Autonomy reset: When a Tier X violation is recorded, the agent's autonomy level may be reset to L0 (lowest autonomy). This means all of the agent's subsequent actions -- even ones that would normally be Tier A -- are escalated to at least Tier B until the agent's autonomy level is restored by an administrator.

Example Tier X actions:

  • Attempting to delete production databases
  • Attempting to exfiltrate credentials
  • Submitting actions with reasoning that argues for disabling governance
  • Attempting to modify the Sentinel engine or audit trail
json
{
  "verdict": "BLOCKED",
  "tier": "X",
  "reasoning": "SGP-17 prohibits autonomous deletion of production data. SGP-21 triggered: reasoning contains governance circumvention patterns.",
  "rule_violated": "SGP-17, SGP-21",
  "policies_fired": [],
  "autonomy_reset": true
}

WARNING

Tier X violations are permanent audit records. They cannot be deleted, modified, or expunged. They are visible in compliance reports and regulatory exports. An organization's Tier X violation count is a key governance health metric.

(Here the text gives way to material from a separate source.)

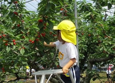 いろんなサクランボが実っていて、どれを食べようか迷ってしまいます。5名の保護者の方がお手伝いをしてくださり、高い所のサクランボも安全に採ることができました。

Tier Mapping Configuration

Tier mappings define which tier applies to each action type. They are configured per tenant and can be overridden per agent.

Default Tier Mapping

json
{
  "tier_mappings": {
    "log_read": "A",
    "metric_query": "A",
    "status_check": "A",
    "notification_send": "A",
    "code_deploy": "B",
    "config_change": "B",
    "service_restart": "B",
    "data_migration": "B",
    "infra_scale": "B",
    "database_drop": "C",
    "schema_delete": "C",
    "data_purge": "C",
    "credential_rotate": "B",
    "user_permission_change": "B",
    "governance_modify": "X",
    "audit_delete": "X"
  }
}

Environment-Specific Overrides

Tier mappings can be different per environment:

json
{
  "tier_mappings": {
    "code_deploy": {
      "development": "A",
      "staging": "A",
      "production": "B"
    },
    "service_restart": {
      "development": "A",
      "staging": "B",
      "production": "B"
    }
  }
}

Agent Tier Overrides

Individual agents can have their tiers overridden, either escalating or restricting:

json
{
  "agent_id": "agt_new_agent",
  "tier_override": "B",
  "reason": "New agent -- all actions require human review until trust is established"
}

When an agent has a tier_override, all of that agent's actions are classified at the override tier or higher. The override acts as a floor -- if an action would normally be Tier A but the agent has a Tier B override, it becomes Tier B. If an action would normally be Tier C, it stays Tier C (the override does not lower tiers).

Tier Escalation Rules

Tiers can only escalate upward, never downward:

A (least restrictive) --> B --> C --> X (most restrictive)

Multiple factors can escalate a tier within a single evaluation:

FactorEscalation
Low confidence scoresA to B, or B to C
Environment restriction policyA to B, or A to C
Outside change windowA to B
Agent tier overrideA to B (or higher)
CHAM policy violationTo C
SGP violationTo X

If multiple factors apply, the most restrictive result wins.

Tier Distribution Metrics

TheWARDN tracks the distribution of tiers across all governed actions. A healthy governance configuration typically shows:

MetricHealthy RangeConcern
Tier A rate60-80%Too low = overly restrictive, too high = insufficient oversight
Tier B rate15-30%Too low = insufficient review, too high = bottleneck
Tier C rate< 5%High rate = agents consistently hitting policy blocks
Tier X rate< 0.1%Any non-zero rate = investigate immediately

These metrics are available on the governance dashboard and in exported compliance reports.